Sabastian Sawe, however, would not be deterred from his quest by the pundits of his sport.

Beyond the sign of the cross and the folding of his hands in prayer after his victorious run, all accounts indicate that Sawe possesses a strong, foundational faith passed down by his family. Before the race, he promised to help finish building the church where his family in Kenya attends, and his parents were quick to praise God for their son’s victory.

Perhaps he understands that a gift received must be stewarded, nurtured, developed, tested, pushed, and expanded to the limits God would have it reach. It is in such a pursuit as this that God is glorified.

The pursuit of the imperishable

That we are fearfully and wonderfully made (Ps. 139:14), being made in the image of God (Gen. 1:27), crowned with glory and majesty (Ps. 8:5), has broad application to the unimaginable potential and possibilities of humankind as an expression of the inbreaking of the kingdom of God; perhaps even in and through athletic competition.

In recent years, there have been a substantial number of books, articles, and story lines that place the convergence of faith and sports in a negative light. While it’s important to acknowledge the potential for conflict when these two intersect, there are positive connections that, when rightly understood, prompt, inspire, and encourage us forward in the journey of faith.

Throughout the New Testament we find athletic metaphors utilized to highlight the development of a victorious faith (2 Tim. 2:5), how to fight the good fight (1 Tim. 6:12), and what is necessary to endure to the end (Heb. 12:1). Conceding that bodily training is just slightly beneficial (1 Tim. 4:8), the apostle Paul, nonetheless, observes in athletic competition a level of commitment and sacrifice that must be pursued with even greater fervor in the life of faith (1 Cor. 9:24-27).

Surely, the Corinthians recognized in Paul’s correspondence an allusion to the Isthmian Games, held every two years in Corinth as one of the four Panhellenic Games celebrating Greek athleticism. His acknowledgment of these athletes and the process by which they came to compete at the highest level—their determination, focus, discipline, self-control, and purposeful intentionality—implies that if such dedication goes into the attainment of a perishable wreath, should not the followers of Christ be even more diligent in their pursuit of the imperishable?

A desire to run well

From my observation as a football team chaplain for nearly forty years, I would offer to those critical of faith in sports that those athletes for whom faith truly matters and informs their life, the desired expression of their faith isn’t to crush an opponent, win at all costs, or entertain the crowds to gain their adoration.

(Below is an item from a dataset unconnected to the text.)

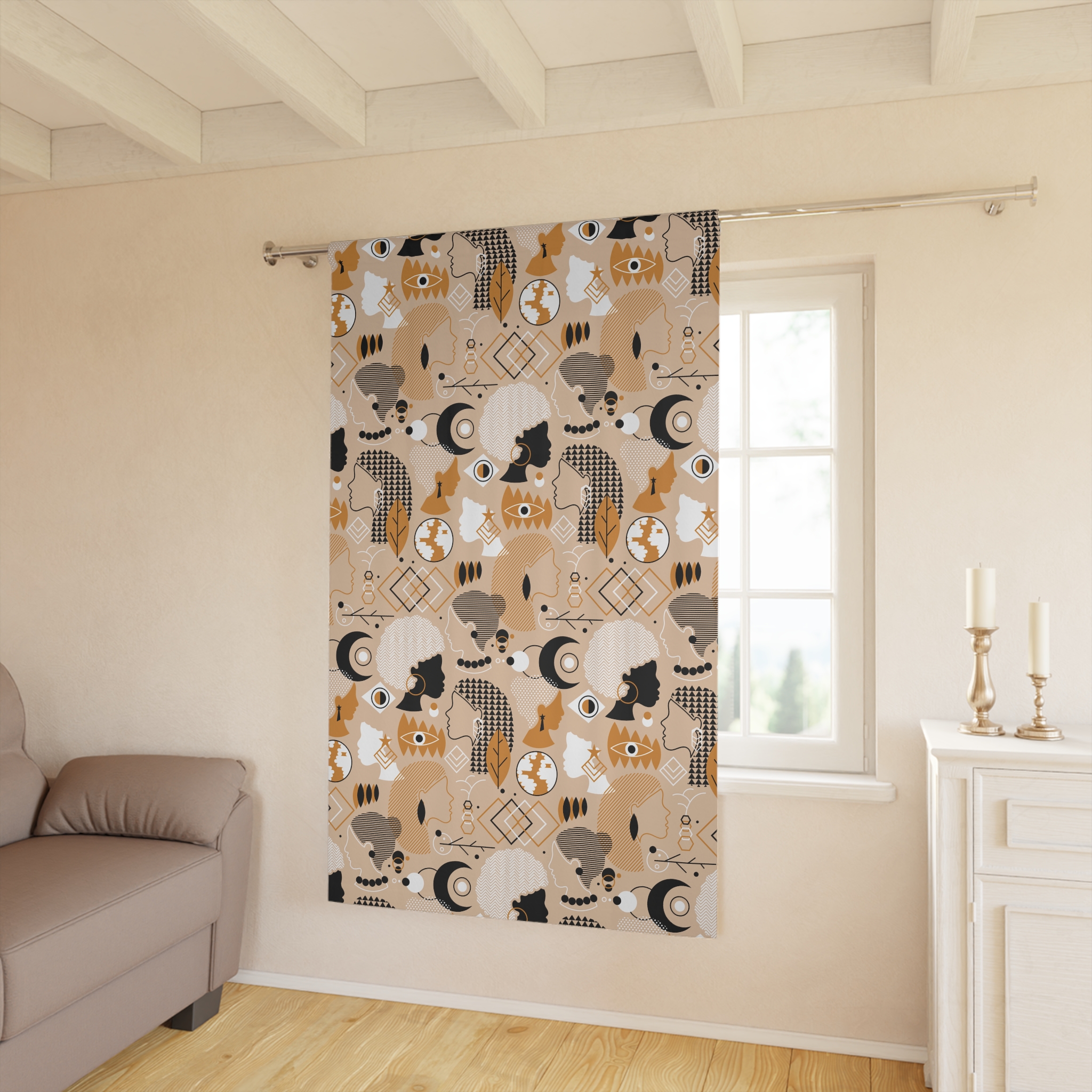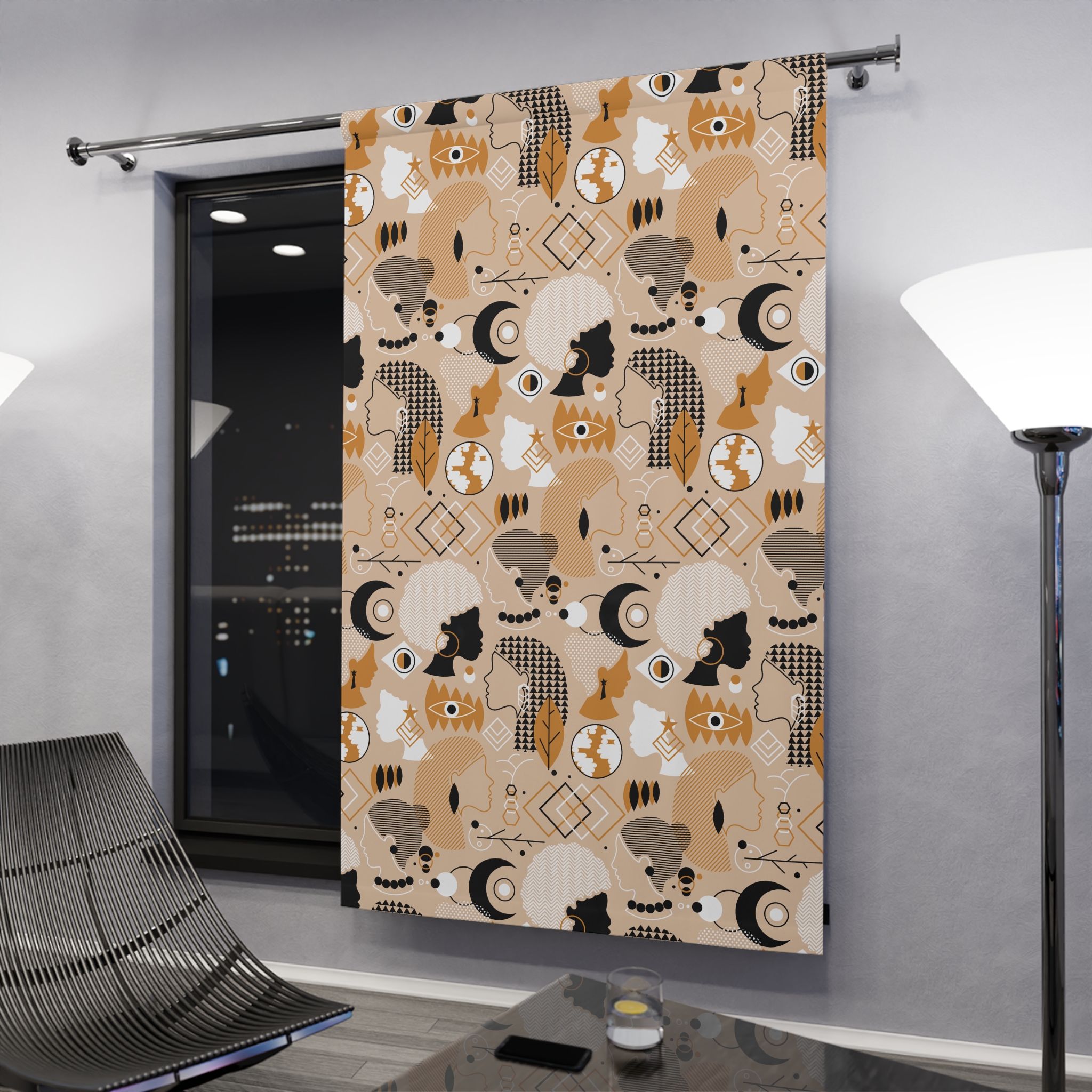 Warm, sculptural, and quietly modern — this blackout window curtain brings a soft desert palette and playful abstract shapes to your room. Layers of ochre, taupe, cream and charcoal form organic silhouettes, moons, and geometric accents that catch the eye without shouting. The medium-weight polyester hangs with a gentle drape, blocks most daylight, and keeps a calm, cozy atmosphere for reading corners, nap time, or late-night movie sessions. Threaded through a 4″ rod pocket for easy hanging, the single-piece panel fits most standard windows and adds texture to minimalist, boho, or mid-century inspired interiors. It feels like a curated find: familiar, a little artistic, and quietly comforting in everyday moments and cozy gatherings.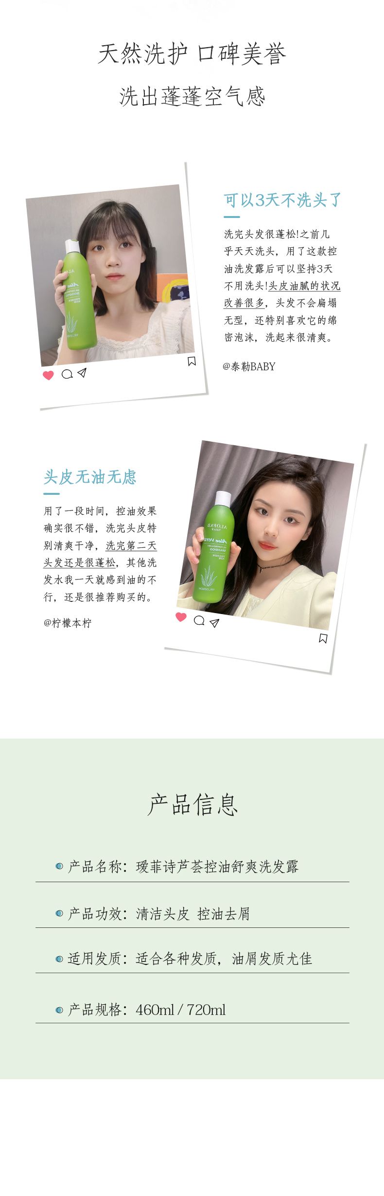 商品名称:瑷菲诗 芦荟控油舒爽洗发露 460ml 修护头皮控油去屑

In fact, their preoccupation isn’t the next opponent or game but, rather, how they can best develop this unique gift God has entrusted to them, that they might maximize the possibilities of this gift. For these, their greatest opponent is the man in the mirror, and he is the one with whom they compete daily.

This mindset of faithful stewardship is most evident not on game day, but in the choices, decisions, and sacrifices made in their every waking moment. From what they eat, with whom they associate, where they go, their training effort, their studies, to what time they go to bed, to what time they awaken, it is all done heartily as for the Lord and not for man (Col. 3:23).

Because they were committed to Jesus being Lord of all, these few not only put themselves in a position to perform well in their tasks on gameday, but also became witnesses of the Faith, inspirational role models, respected voices, and leaders in the locker room.

In recent interviews, the humble Sabastian Sawe has acknowledged the downturns, challenges, and obstacles he has faced throughout his career, but he simply credits his disciplined, rigorous training for putting him in a position to run well. And from a desire to only run well emerged the unimaginable.

The race to which the followers of Jesus are called will undoubtedly be a course filled with difficulties and hardships, some bringing forth a degree of pain that could not have been anticipated, a pain that may well push some to the point of despair. It is in these moments most of all that we must recover the touchstone reality of who we are in Christ Jesus, that we are the children of God, fearfully and wonderfully made. By this, we persevere and endure to experience the unimaginable of what God has in store.

 

Denison Forum

Harvest Ministries; Greg Laurie – What All True Believers Have in Common

 

 These people left our churches, but they never really belonged with us; otherwise they would have stayed with us. When they left, it proved that they did not belong with us. 

—1 John 2:19

Scripture:

1 John 2:19 

In His Sermon on the Mount, Jesus delivered some sobering words to the people who followed Him: “Not everyone who calls out to me, ‘Lord! Lord!’ will enter the Kingdom of Heaven. Only those who actually do the will of my Father in heaven will enter” (Matthew 7:21 NLT).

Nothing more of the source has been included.